Wednesday, January 4, 2012
As noted in an earlier post, the baby bald eagle, PRISCILLA, came to me on Thanksgiving Day suffering from severe mercury poisoning. She was unable to fly, wouldn't eat, was extremely aggressive and had a swollen right foot.
Since that time she's made steady progress altho her mercury levels have not gone down at all. I put her in a larger mew a couple weeks ago. For the first week or so I had to cut up her food into small pieces and line them up on top of the perch she was finally able to fly to. Then last week she started eating on her own, whole trout and parts of rabbits and rats.
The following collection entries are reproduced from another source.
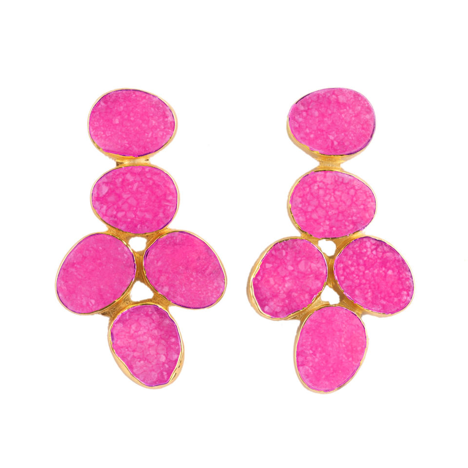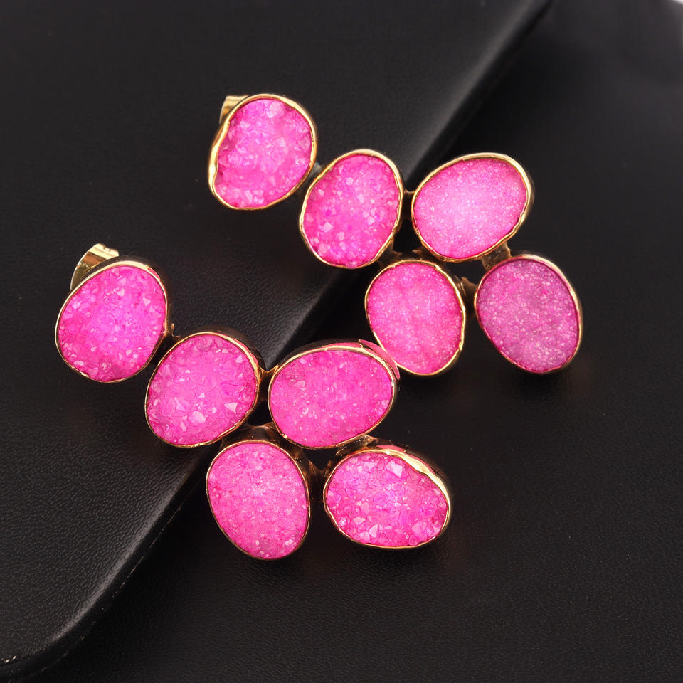 ต่างหูห้อยชุบทอง18K สีชมพูแวววาวตามธรรมชาติเครื่องประดับทองเหลืองแบบยาวประดับด้วยเม็ดน้ำตาลหลายสีชมพู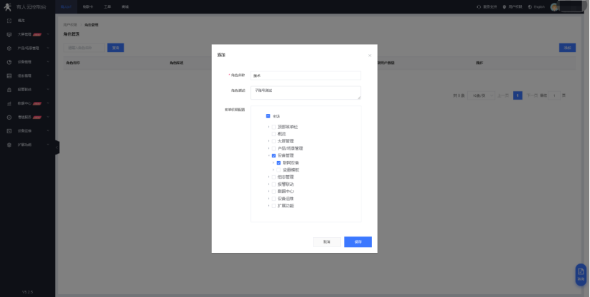 2、登錄有人云控制臺(tái)之后,點(diǎn)擊右上角的用戶權(quán)限,點(diǎn)擊角色管理。添加并填寫相關(guān)的角色信息以及菜單應(yīng)用權(quán)限。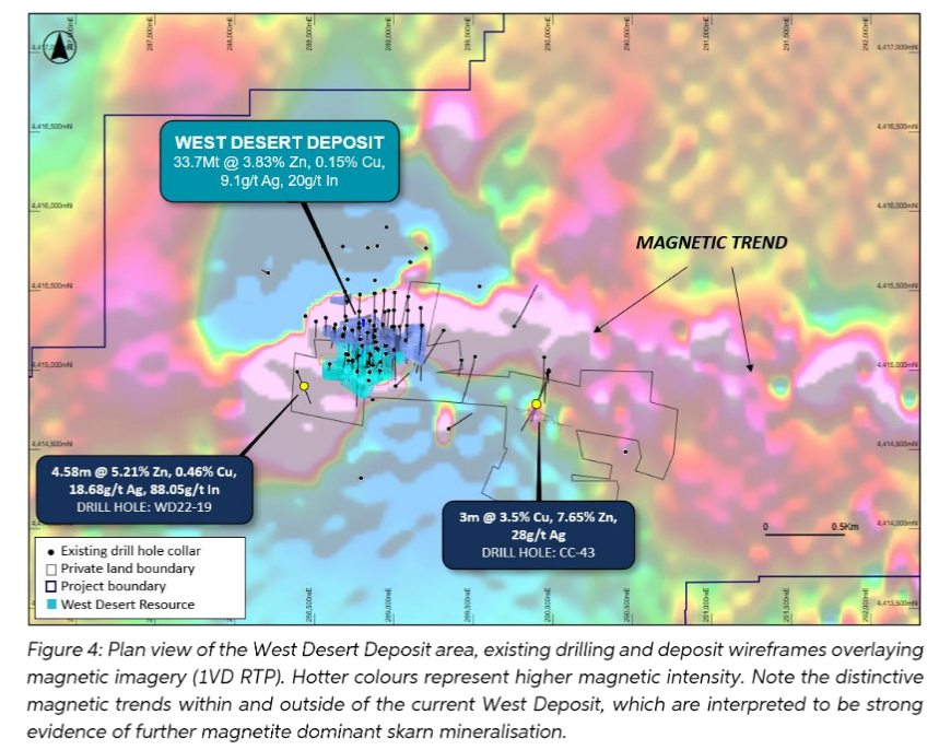 77,3 g/t Ga sind in Magnetit-Skarn und CRD in West Desert, in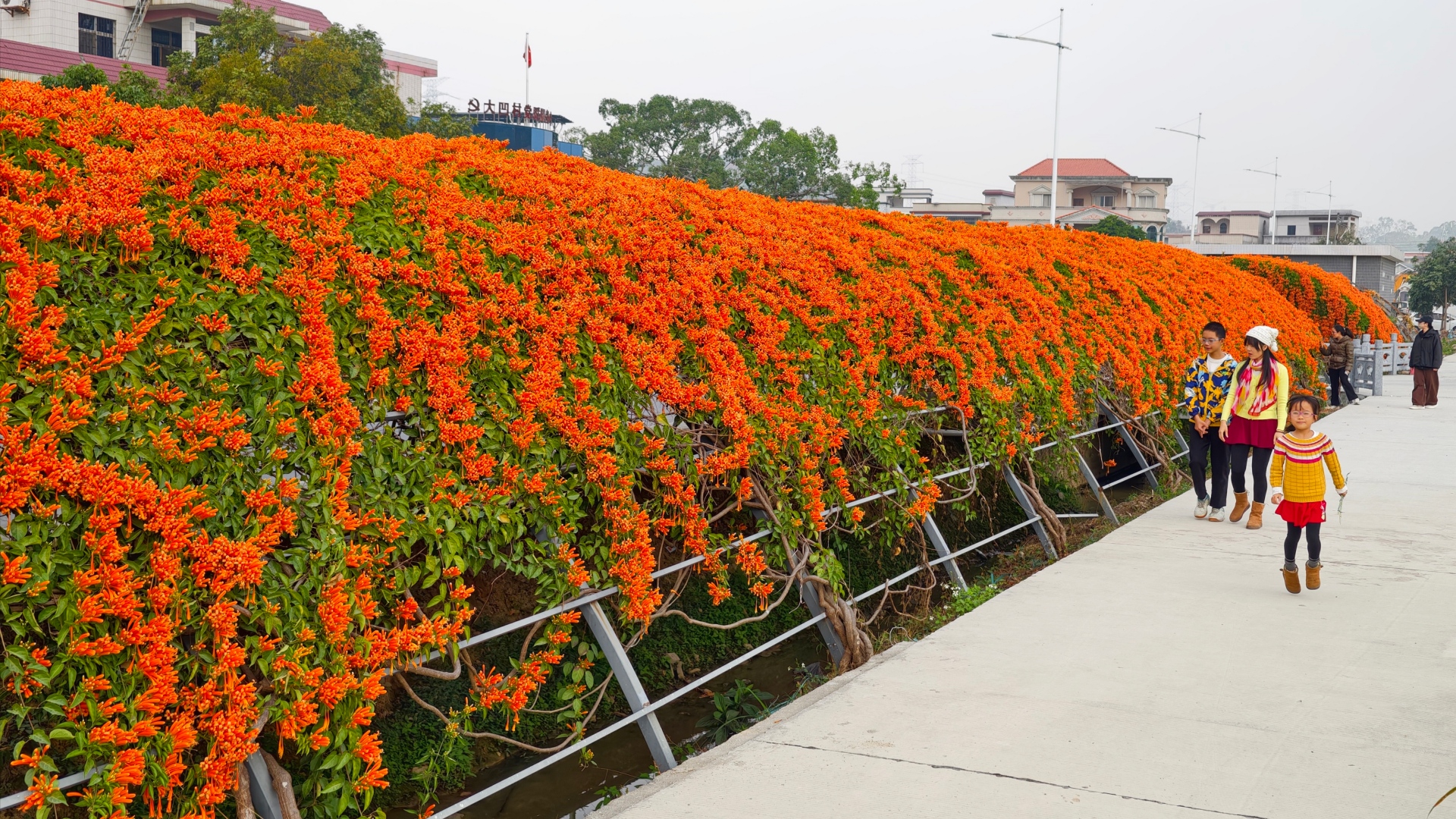 據(jù)共和鎮(zhèn)大凹村負責人介紹,炮仗花長廊是2021年進行鄉(xiāng)村振興建設(shè)時種植的,共1000米長,花廊結(jié)合村里的關(guān)帝廟古建筑、關(guān)帝廟文化廣場,旨在打造鄉(xiāng)村文旅打卡點,助力“百千萬工程”。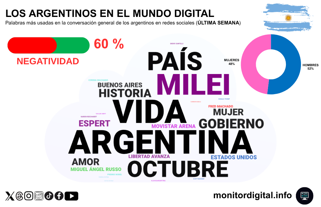 La semana de los argentinos en redes reveló que el país vive en estado de simultaneidad: política, espectáculo, deporte y escándalo se entremezclan en un único flujo discursivo.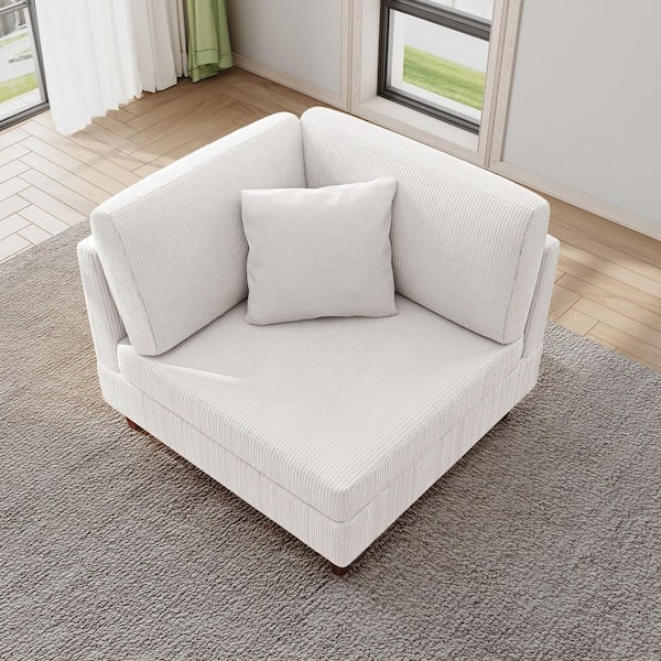 Beige Corduroy Fabric Left Arm Facing Sectional Corner Arm Chair with Wood Legs(Set of 1)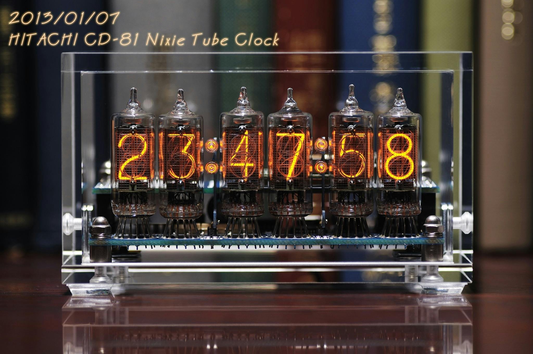 1本のニキシー管の中に0から9まで、10枚の金属板を入れることで1ケタの数字として取り扱うことができます。オレンジ色に光っていますが金属板が発熱しているわけではなく、ネオンガスが放電現象によって光っているので意外なほど消費電力は大きくなく発熱もありません。基本的にガラスの物理的破損以外にほとんど劣化するところがなく、市販されていたニキシー管は正しい使用方法で連続10年以上の稼働実績があります。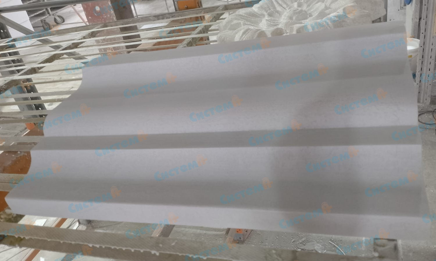 Каждый элемент был изготовлен в двух вариантах — из более легкого пенополистирола и из плотной минеральной ваты. Затем мы нанесли на них специальное защитное покрытие, которое придает декору прочность, долговечность, продлевает его срок службы.

This morning I put her into my eagle flight barn to see just how strong she has become. She surprised me by flying the entire 80' length and back again. These two photos show her on the tower, a bit higher than I can reach, and on the highest wall perch at the 20' high opposite end of the barn.
She will have her blood drawn one more time next week and then no matter what the test shows I'll take her to a great habitat and release her. As she came in here weighing 10 pounds, a super weight for a baby only 8 months old, she obvioulsy knows how to find and catch food. No training will be needed.